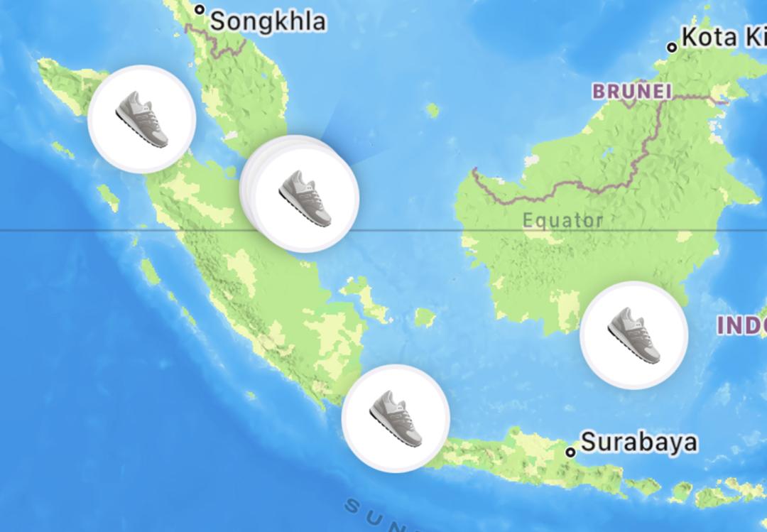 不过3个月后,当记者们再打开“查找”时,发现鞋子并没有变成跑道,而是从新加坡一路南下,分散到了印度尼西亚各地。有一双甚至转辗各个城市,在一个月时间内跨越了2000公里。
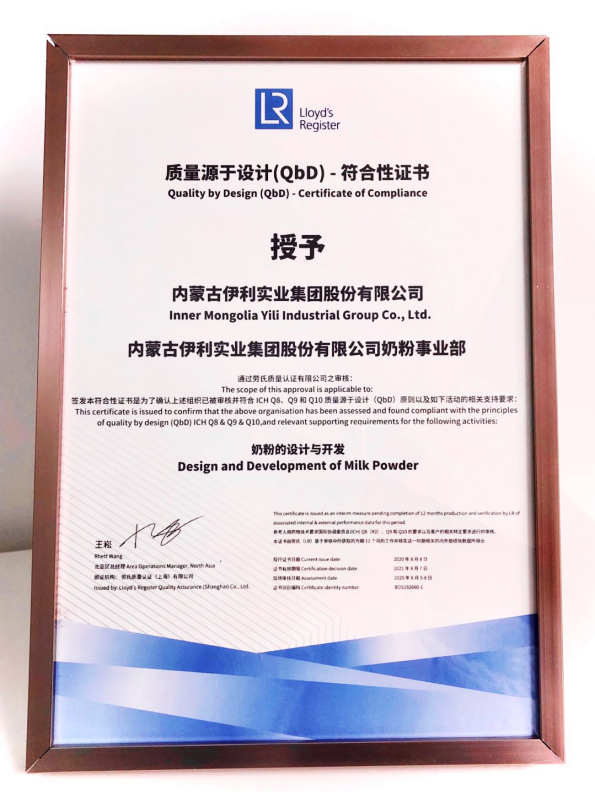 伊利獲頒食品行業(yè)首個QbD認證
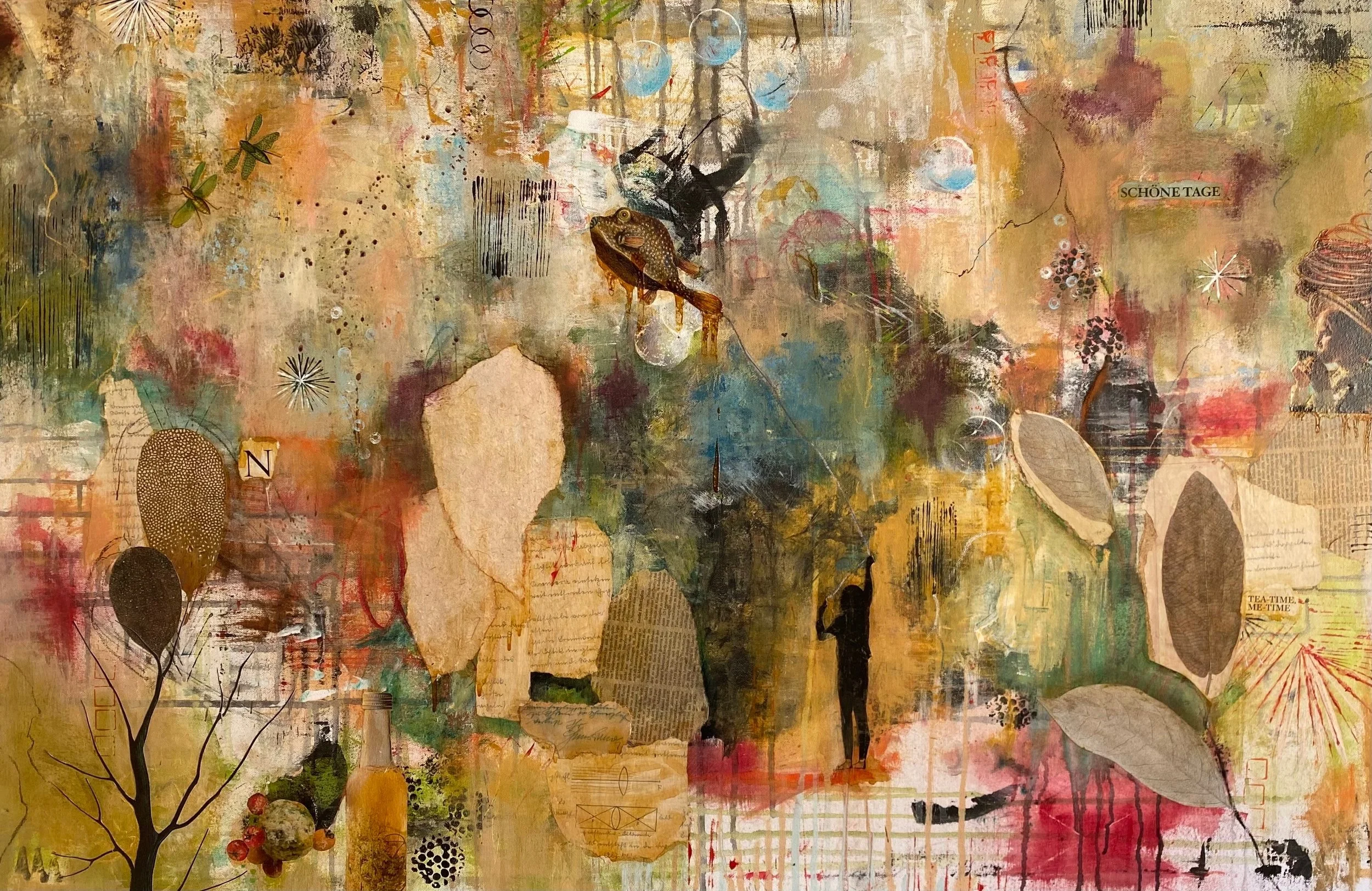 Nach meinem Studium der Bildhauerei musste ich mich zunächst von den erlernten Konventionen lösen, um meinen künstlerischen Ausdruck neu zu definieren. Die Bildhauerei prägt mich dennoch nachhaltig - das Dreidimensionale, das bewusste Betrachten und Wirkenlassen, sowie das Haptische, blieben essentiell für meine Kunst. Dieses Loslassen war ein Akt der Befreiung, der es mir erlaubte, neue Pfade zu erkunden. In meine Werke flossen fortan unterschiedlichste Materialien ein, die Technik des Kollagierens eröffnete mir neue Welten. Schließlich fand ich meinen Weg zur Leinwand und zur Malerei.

### TASK BRIEF
Leave the pictures out and output the rest of the listing exactly.

### OUTPUT OF THE EXERCISE
 不过3个月后,当记者们再打开“查找”时,发现鞋子并没有变成跑道,而是从新加坡一路南下,分散到了印度尼西亚各地。有一双甚至转辗各个城市,在一个月时间内跨越了2000公里。
 伊利獲頒食品行業(yè)首個QbD認證
 Nach meinem Studium der Bildhauerei musste ich mich zunächst von den erlernten Konventionen lösen, um meinen künstlerischen Ausdruck neu zu definieren. Die Bildhauerei prägt mich dennoch nachhaltig - das Dreidimensionale, das bewusste Betrachten und Wirkenlassen, sowie das Haptische, blieben essentiell für meine Kunst. Dieses Loslassen war ein Akt der Befreiung, der es mir erlaubte, neue Pfade zu erkunden. In meine Werke flossen fortan unterschiedlichste Materialien ein, die Technik des Kollagierens eröffnete mir neue Welten. Schließlich fand ich meinen Weg zur Leinwand und zur Malerei.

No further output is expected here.